O atraso na prestação de contas não caracteriza improbidade administrativa, desde que não exista intenção maliciosa na conduta do administrador público.
Com essa conclusão, a 1ª Turma do Superior Tribunal de Justiça absolveu o ex-prefeito de São José do Campestre (RN), Laércio José de Oliveira, da acusação de improbidade administrativa.
A ação foi ajuizada pelo fato de ele ter apresentado a prestação de contas de 2004 apenas em 2009, diretamente ao Tribunal de Contas da União, depois de iniciado procedimento de tomada de contas especial em 2007.
Nessa prestação, ficou demonstrado que o então prefeito fez uso irregular de verbas repassadas pelo Fundo Nacional de Desenvolvimento da Educação (FNDE).
Os valores deveriam ter sido usados para o Programa de Apoio à Educação de Jovens e Adultos (Peja), mas acabaram empregados em outras despesas correlatas à área de educação.
O Tribunal Regional Federal da 5ª Região concluiu que houve ato de improbidade administrativa pela omissão na prestação de contas, conforme a redação original do artigo 11 da Lei 8.429/1992.
Antes das alterações da nova Lei de Improbidade Administrativa (Lei 14.230/2021), a condenação dependia da existência do dolo, que poderia ser genérico ou específico. O recurso ao STJ contestou a presença do elemento doloso.
O caso gerou debate na 1ª Turma, diante da necessidade de manter a condenação pela aplicação da Súmula 7 do STJ (que impede reanálise de fatos e provas) ou devolvê-la ao TRF-5 para novo julgamento.
Sem dolo
A conclusão final foi a proposta pelo relator, ministro Paulo Sérgio Domingues.

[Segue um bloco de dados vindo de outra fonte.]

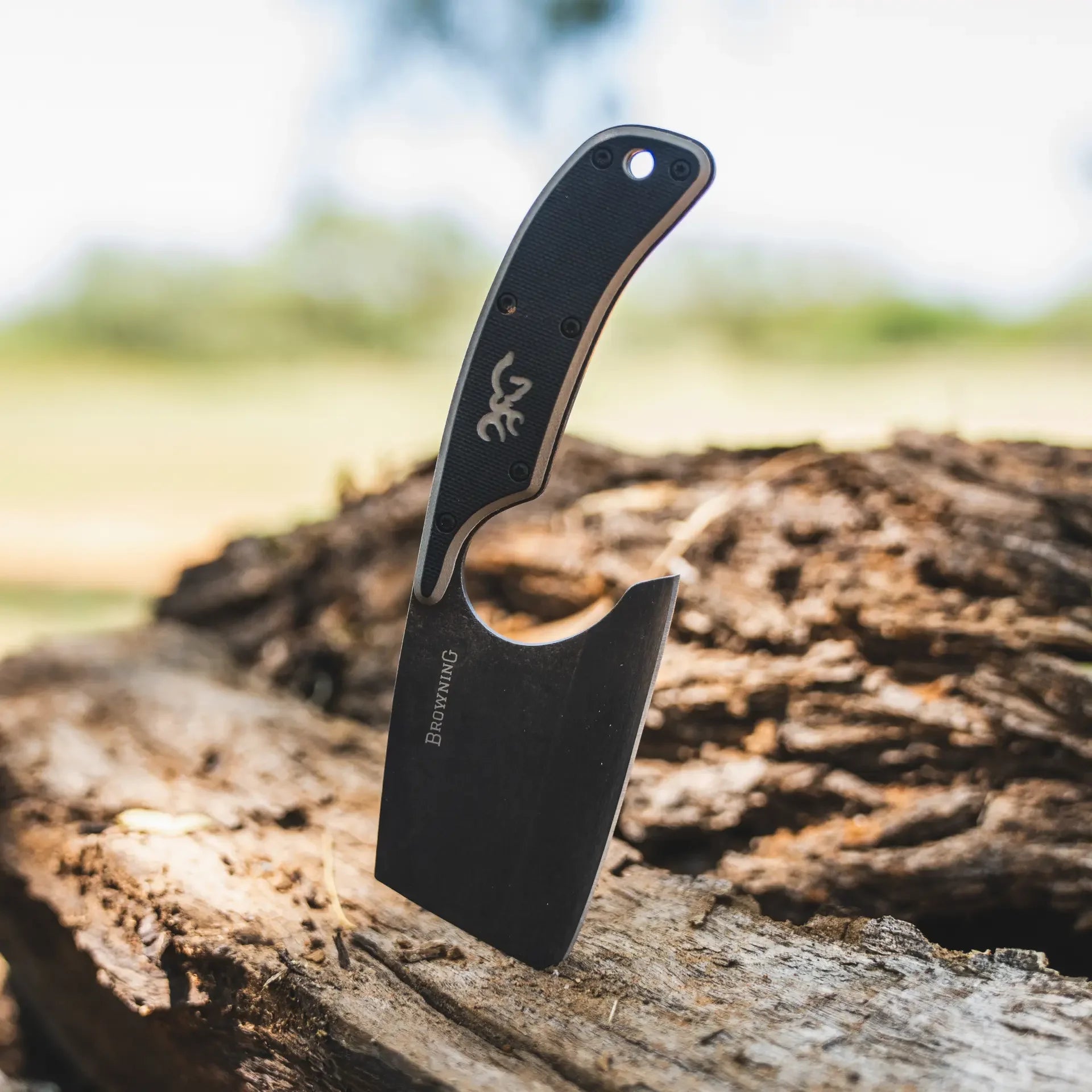 Compact cutter. The Cutoff Camp Cleaver is perfect for the camp kitchen at deer and elk camp. With a total length of 6-1/4", the cleaver is easily packable and adding only minimal extra weight. The 2-1/2" stainless steel blade retains its edge and easily sharpens. Full-tang construction is provides great balance and is incredibly durable when facing tough cuts. The two tone G-10 handle scales offer a secure grip. An included nylon belt sheath keeps the blade's edge secure when not in use.

Ele entendeu que não há dúvidas quanto às condutas praticadas pelo réu, motivo pelo qual a corte poderia definir de pronto o destino da ação de improbidade.

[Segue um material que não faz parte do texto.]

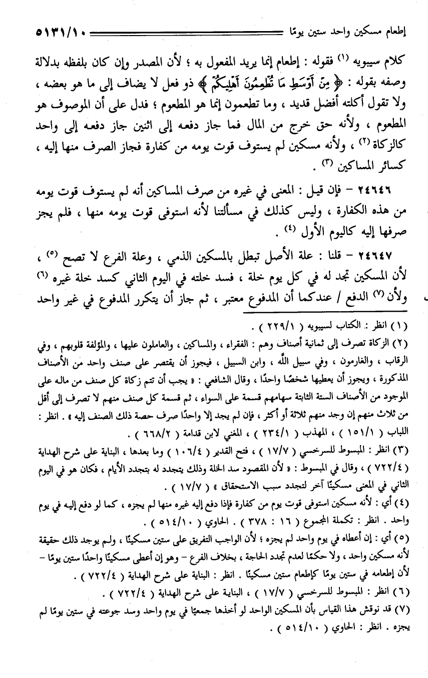 كلام سيبويه فقوله: إطعام إنما يريد المفعول به؛ لأن المصدر وإن كان بلفظه بدلالة وصفه بقوله: (من أوسط ما تطعمون أهليكم) ذو فعل لا يضاف إلى ما هو بعضه، ولا تقول أكلته أفضل قديد، وما تطعمون إنما هو المطعوم؛ فدل على أن الموصوف هو المطعوم، ولأنه حق خرج من المال فما جاز دفعه إلى اثنين جاز دفعه إلى واحد كالزكاة، ولأنه مسكين لم يستوف قوت يومه من كفارة فجاز الصرف منها إليه، كسائر المساكين.

E apontou que, sem o reconhecimento da má-fé do gestor público, o atraso na realização da prestação de contas e a não aplicação da totalidade das verbas repassadas não tipifica improbidade, mas ilegalidade a ser sanada em outras vias.
O ministro citou jurisprudência do STJ e do Supremo Tribunal Federal no sentido de que as vedações da LIA não alcançariam administradores agentes inaptos ou inexperientes sem a intenção de lesar o erário ou beneficiar interesses privados.
“Inexistente, portanto, o reconhecimento da má-fé de Laércio José de Oliveira, tendo se limitado a atrasar a prestação de contas e a deixar de aplicar a totalidade das verbas nas despesas a que estavam destinadas, utilizando-as em outras despesas públicas, inclusive correlatas à educação”, concluiu.
A conclusão foi unânime, após debates, e reforçada em voto-vista do ministro Benedito Gonçalves.
“Uma vez que a continuidade típico-normativa da matéria prevê a necessidade do dolo específico de deixar de prestar contas, quando esteja obrigado a fazê-lo, dispondo das condições para isso, com o escopo de ocultar irregularidades; e considerando que o acórdão impugnado não reconheceu a má-fé , a ação deliberada e consciente, para caracterizar as sobreditas elementares, concluiu-se que não há se falar em ato ímprobo na hipótese dos autos, porquanto ausente suporte legal para a qualificação da conduta imputada na inicial como ímproba, o que impõe o reconhecimento da atipicidade da conduta”, disse.